SEDflume Study and Hydrodynamic Data Collection, U.S. Military Base — In support of remedial activities in a tidal estuary, supported a multifaceted study to determine hydrodynamic conditions driven by tidal exchanges and river discharge as well as sediment mobility properties using SEDflume. The SEDflume study produced measurements of erosion rates, particle size distribution, and bed density. Critical shear stresses for erosion were derived from the erosion measurements. The hydrodynamic and SEDflume data can support the implementation of numerical models to evaluate the site’s response to a range of hydrodynamic conditions and potential response and stability of the bedded sediment within the system.

Mid-Barataria Bay Sediment Diversion SEDflume Study, Southeastern Louisiana — Conducted a SEDflume study of native Barataria Bay, Louisiana, sediment to support engineering design of a proposed diversion of the Mississippi River. The increased hydrodynamic forces from diverted discharge are expected to erode material near the mouth of the diversion structure. Led a SEDflume study of bed material extending from the surface to 120 ft below mudline to support numerical models simulating flows and estimating the potential for erosion. Study results supported modeling efforts to predict the potential for scour within the system and support the engineering design process.

Dredge Material Study for Beneficial Reuse, Maryland — Conducted a SEDflume study to compare the erodibility of placed dredge material with dredge material supplemented with recycled glass or sand. Test samples were developed in the laboratory by mixing a slurry consisting of supplemental and dredge material. Three test samples were developed for each mixture and allowed to consolidate for 1, 7, and 28 days to compare erodibility over time. The SEDflume study produced measurements of erodibility relative to depth and highlighted the differences in mobilization potential for each material type. The results will help inform appropriate beneficial reuse dredge material management practices for use in restoration projects.
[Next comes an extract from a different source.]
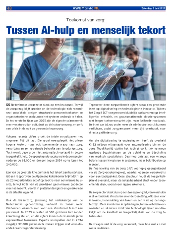 snel ontwikkelt, dreigen structurele personeelstekorten en het Zorg & ICT-congres werd duidelijk dat kunstmatige intel-

Instrumentation Monitoring for Newtown Creek Hydrodynamic and Sediment Transport Modeling, New York — Deployed an array of oceanographic sensors to collect real-time data regarding free stream and near-bed currents, water quality parameters, and suspended sediments concentrations. Data collected will be used to evaluate remediation techniques.

SEDflume Sediment Erosion Rate Study, Mozambique — Analyzed samples to support deep-water drilling efforts. Application of pre-determined shear stresses to relatively undisturbed sediment cores allowed for the determination of critical shear stresses for erosion with depth. Sediment properties such as vane shear, bulk density, and particle size distribution, in conjunction with the critical shear stress information help to ascertain potential issues when working with these sediments in their natural environment.